* Data for the task:
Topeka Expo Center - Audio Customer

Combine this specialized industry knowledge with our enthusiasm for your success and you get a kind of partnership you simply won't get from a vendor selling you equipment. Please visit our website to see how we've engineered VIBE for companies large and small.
...
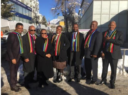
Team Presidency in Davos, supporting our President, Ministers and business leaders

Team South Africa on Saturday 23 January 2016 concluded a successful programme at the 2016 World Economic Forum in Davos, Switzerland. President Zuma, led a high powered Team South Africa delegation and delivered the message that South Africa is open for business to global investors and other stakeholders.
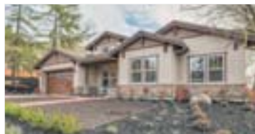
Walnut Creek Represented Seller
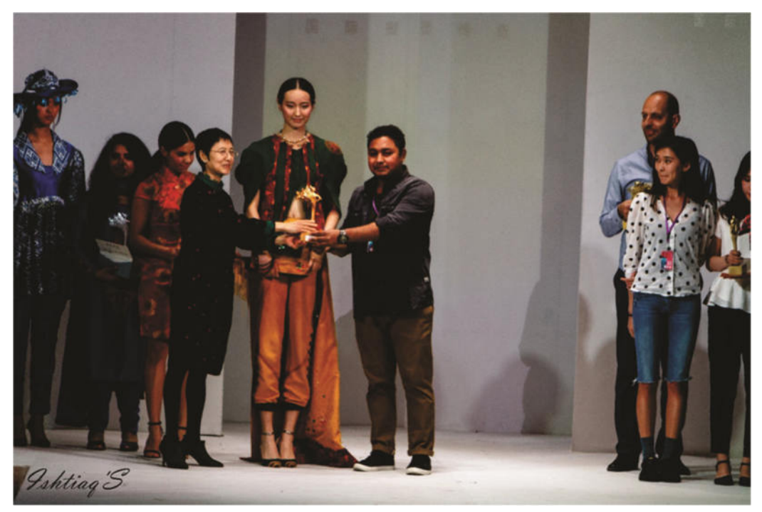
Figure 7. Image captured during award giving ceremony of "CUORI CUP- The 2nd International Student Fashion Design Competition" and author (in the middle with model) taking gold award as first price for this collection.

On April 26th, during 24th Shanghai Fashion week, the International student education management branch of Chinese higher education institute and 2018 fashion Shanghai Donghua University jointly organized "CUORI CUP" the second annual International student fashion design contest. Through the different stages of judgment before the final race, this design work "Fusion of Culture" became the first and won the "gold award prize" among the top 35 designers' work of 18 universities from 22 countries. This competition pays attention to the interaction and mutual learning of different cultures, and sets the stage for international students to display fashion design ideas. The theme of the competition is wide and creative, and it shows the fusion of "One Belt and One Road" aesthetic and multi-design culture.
--
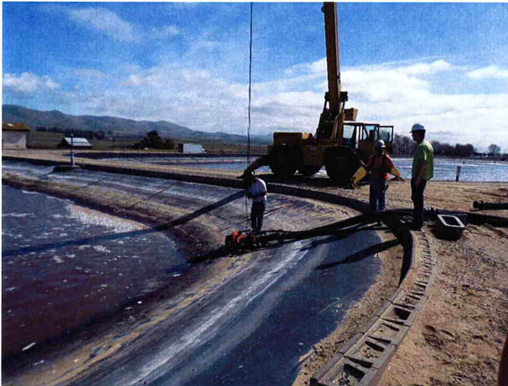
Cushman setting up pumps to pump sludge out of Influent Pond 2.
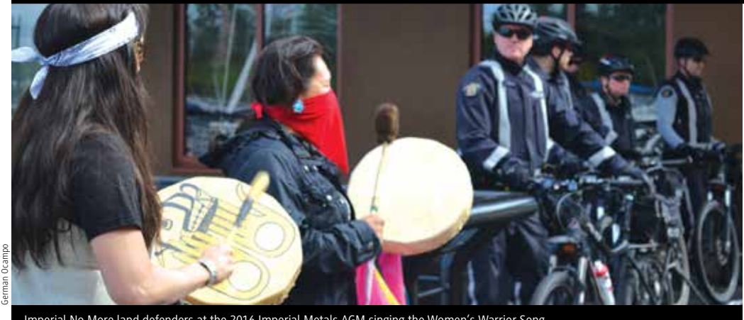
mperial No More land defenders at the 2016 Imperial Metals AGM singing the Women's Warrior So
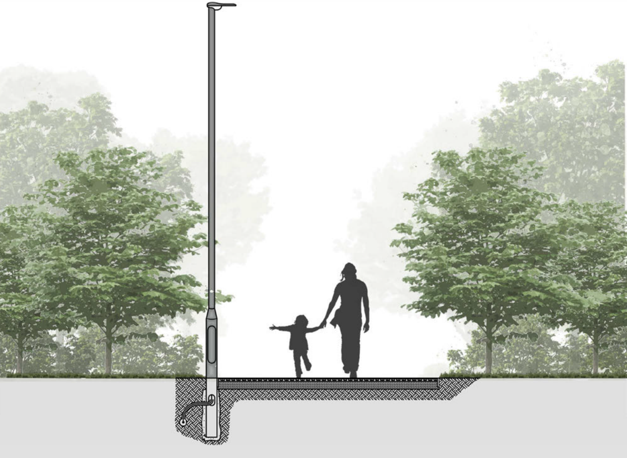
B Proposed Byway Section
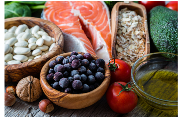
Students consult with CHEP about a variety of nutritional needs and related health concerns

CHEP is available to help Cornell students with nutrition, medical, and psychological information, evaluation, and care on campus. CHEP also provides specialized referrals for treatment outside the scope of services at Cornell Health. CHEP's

* Exercise:
The copy should hold only the lines from the one with "Team Presidency in" through the one with "On April 26th, during", exactly as they stand above. Leave out the pictures.

* Output of the exercise:
Team Presidency in Davos, supporting our President, Ministers and business leaders

Team South Africa on Saturday 23 January 2016 concluded a successful programme at the 2016 World Economic Forum in Davos, Switzerland. President Zuma, led a high powered Team South Africa delegation and delivered the message that South Africa is open for business to global investors and other stakeholders.
Walnut Creek Represented Seller
Figure 7. Image captured during award giving ceremony of "CUORI CUP- The 2nd International Student Fashion Design Competition" and author (in the middle with model) taking gold award as first price for this collection.

On April 26th, during 24th Shanghai Fashion week, the International student education management branch of Chinese higher education institute and 2018 fashion Shanghai Donghua University jointly organized "CUORI CUP" the second annual International student fashion design contest. Through the different stages of judgment before the final race, this design work "Fusion of Culture" became the first and won the "gold award prize" among the top 35 designers' work of 18 universities from 22 countries. This competition pays attention to the interaction and mutual learning of different cultures, and sets the stage for international students to display fashion design ideas. The theme of the competition is wide and creative, and it shows the fusion of "One Belt and One Road" aesthetic and multi-design culture.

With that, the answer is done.